In 159 MP Corp. v, Redbridge Bedford, LLC, 2019 NY Slip Op 03526 (May 7, 2019) (“159 MP Corp.”), the New York Court of Appeals (New York’s highest court) ruled that a commercial tenant may, in its lease, waive its right to bring a declaratory judgment action with respect to the lease.
As such, because a Yellowstone injunction requires the existence of an underlying action seeking a declaratory judgment as to whether the tenant is in default under the lease, such a waiver precludes the tenant from obtaining a Yellowstone injunction.
The facts in 159 MP Corp. are as follows: The plaintiffs were the tenants under two, 20-year commercial leases demising to plaintiffs 13,000 square feet in a building located in Brooklyn to operate a Foodtown supermarket. Most importantly, each lease contained a rider, which included a provision stating as follows:
“Tenant waives its right to bring a declaratory judgment action with respect to any provision of this Lease or with respect to any notice sent pursuant to the provisions of this Lease… [I]t is the intention of the parties hereto that their disputes be adjudicated via summary proceedings.”
The landlord sent notices to cure to the tenants alleging various defaults under the leases and providing the tenants with 15 days to cure in order to avoid lease termination. The tenants commenced a declaratory judgment action in Supreme Court and moved for a Yellowstone injunction to toll the time to cure.
The landlord answered the complaint and cross-moved for summary judgment dismissing the complaint, maintaining that the action, and thus the motion for Yellowstone relief, was barred by the waiver provision in the leases. The tenants argued in response that the waiver clause was unenforceable.

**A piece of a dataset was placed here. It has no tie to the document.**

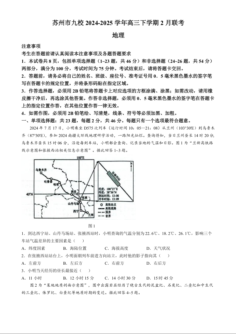 江苏省苏州市九校2024-2025学年下学期2月高三联考地理+答案
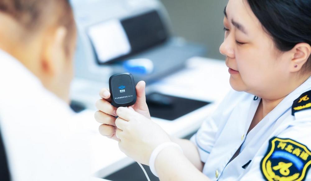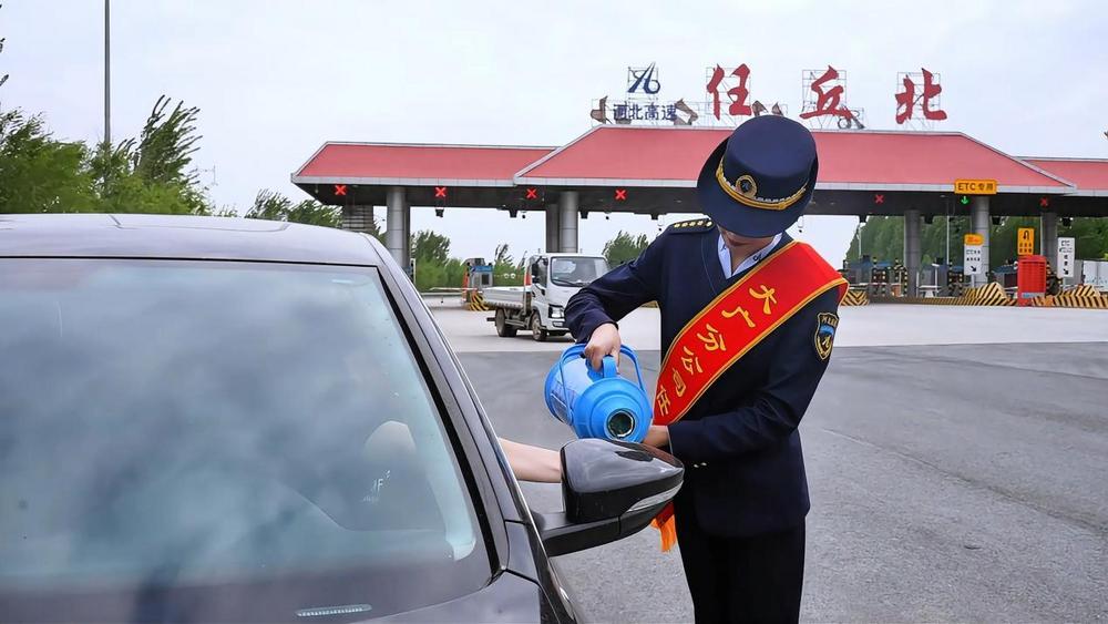 ↑在大广高速任丘北收费站,工作人员在为司乘服务。(2025年6月6日 毛皓 摄)

Supreme Court denied the tenants’ motion for a Yellowstone injunction and the Appellate Division, Second Department affirmed (with one Justice dissenting), holding that the declaratory judgment waiver was enforceable. The Second Department granted the tenants leave to appeal to the Court of Appeals.
The Court of Appeals, in its majority opinion, affirmed, holding that the declaratory judgment waiver was enforceable and not violative of public policy.
The Court rejected the tenants’ argument that the declaratory judgment waiver was void as against public policy.
The Court observed that freedom of contract is a “deeply rooted” public policy of this state and that “our courts have long deemed the enforcement of commercial contracts according to the terms adopted by the parties to be a pillar of the common law.”
The Court held that in the case before it, the declaratory judgment waiver was “clear and unambiguous, was adopted by sophisticated parties at negotiating arm’s length, and does not violate the type of public policy interest that would outweigh the strong public policy in favor of freedom of contract.”
The Court went on to explain that “there is simply nothing in our contemporary statutory, constitutional, or decisional law indicating that the interest in access to declaratory judgment actions or, more generally, to a full suite of litigation options without limitation, is so weighty and fundamental that it cannot be waived by sophisticated, counseled parties in a commercial lease.”
In addition, the Court found that it was “critical” that the declaratory judgment waiver clause did not “preclude access to the courts” and “permits plaintiffs to raise defenses to allegations of default in summary proceedings in Civil Court…”.
The Court further noted that the waiver did not impair the tenants’ ability to seek damages based on breach of contract or tort theories. The Court observed that “despite the waiver clause, the judicial review available to plaintiffs is more generous than that available to parties whose contracts contain arbitration clauses — yet we routinely enforce arbitration clauses.”
There is little doubt that many landlords will now attempt to add declaratory judgment waivers into their commercial leases, and that such waivers will become more commonplace.
It will of course depend on, among other things, the relative bargaining power of the parties, and the sophistication of counsel, as to whether such waivers are ultimately included in a lease.
It remains to be seen how widespread such waivers will become in future commercial lease transactions.